During its vacation week, the Nice Premium team is pleased to offer you a compilation of its best articles. For this last day, you will find a selection of five articles by the editors.
Few people know that France is a world leader not only in aerospace and satellite development but also in very high precision laser metrology (millimeter). The installation of a mobile laser station, the result of years of work in the field at the Caussols Observatory in the hinterland of Grasse, is proof of this. Oceanographic satellite projects have already been conducted by the CNRS and Cnes. But this station is special. It is the most precise and compact instrument in the world for locating a position on the Earth’s surface. And it has just been installed for the first time in the Southern Hemisphere. It will allow the measurement of sea level rise in this hemisphere, in a very sensitive way – much more precisely than the GPS system. Until now, such a Laser equipment was missing for Australian scientists who had to rely on tide gauges that were insufficient to complete the scientific assessment in this part of the planet.
Francis Pierron, a research engineer at the CNRS and the Côte d’Azur Observatory, is the project leader. Returning from Tasmania two weeks ago, he describes the progress represented by the installation. “This small, entirely original laser station in the world was developed in the laboratories of Grasse and regularly improved over ten years. It still weighs a few hundred kilos, but that’s nothing compared to others on the planet, weighing between ten to fifteen tons, and which must be installed in buildings. Provided that the ground is somewhat prepared, our station can be installed and then put into operation in just a few days.”

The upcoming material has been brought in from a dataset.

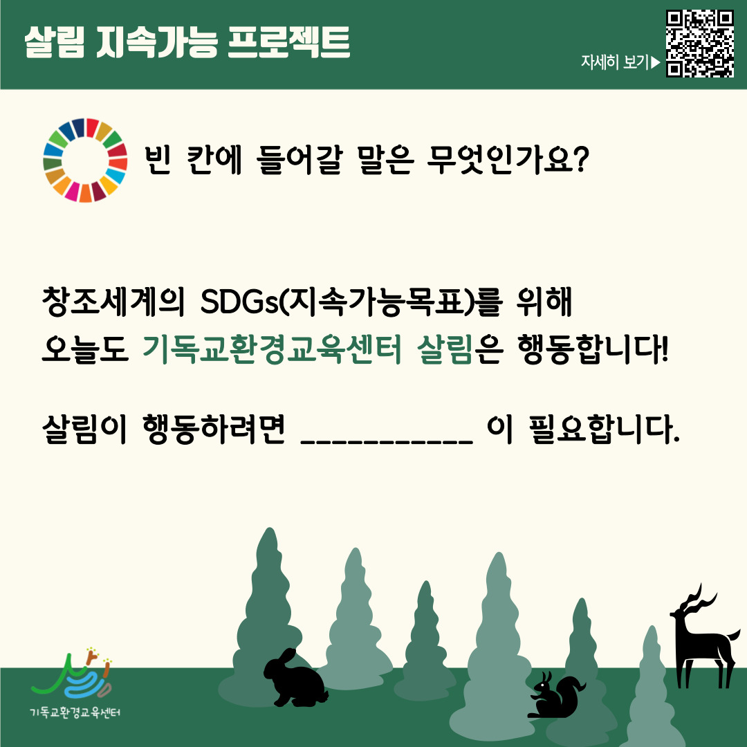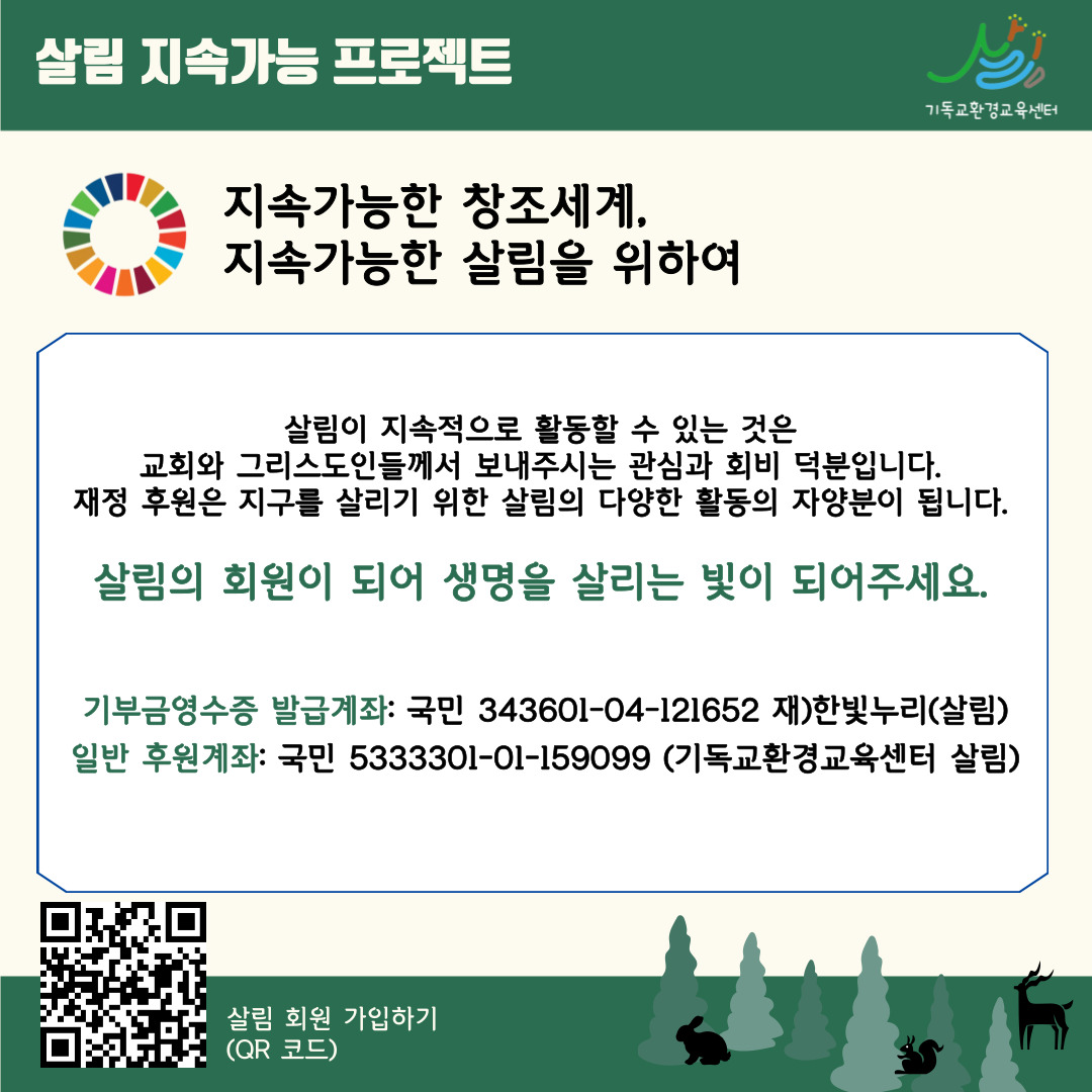 창조세계의 SDGs(지속가능목표)를 위해 오늘도 살림은 행동합니다.

Laser technology allows for the precise measurement of the distance of an artificial satellite in orbit around the Earth. “Retroreflectors installed on the satellite reflect laser pulses emitted from the ground station. We time the round trip of this laser beam to obtain the distance with millimeter precision, and thus calibrate the satellite by comparing these measurements to those taken by the onboard radar.” This is where things get complicated: “The Jason satellite orbits the Earth at a speed of seven kilometers per second. It enters the field of the station three to four times a day, for a period of about ten minutes. We must be able to direct our laser at the satellite in this time window. To follow it with very high precision throughout its passage and acquire several hundred measurements from its rise to its set.”
Observing the effects of climate change through rising sea levels
For five months, this equipment will therefore contribute to measuring the sea level of the Tasman Sea, located between this island and Australia. “Then, the station will return to Corsica. But the collaboration with the teams in Hobart continues. The exploitation of the measurements will last several years,” declares Francis Pierron. Until now, Ajaccio was the only calibration site in the Northern Hemisphere. The move to another site will improve measurements. Why was Tasmania chosen? Its geographical location in relation to Australia and configuration is about the same as between France and Corsica. Indeed, scientific accuracy requires conducting these campaigns in geographically distant and “uncorrelated” areas.
The use of the laser associated with the oceanographic satellite Jason allows the measurement of ocean heights to within a few millimeters, and even those of waves. Today, sea levels on the surface of the planet rise by an average of 3.5 millimeters per year. “For now, and on a human time scale, it does not seem worrying. But there is concern that this figure may increase in the coming years,” warns Francis Pierron. “With climate change, we expect the melting of glaciers to accelerate. If sea levels rise by a meter in the next century, the situation would become critical even in France for the Camargue. Not to mention Asian countries where many populations live on coastal areas affected.”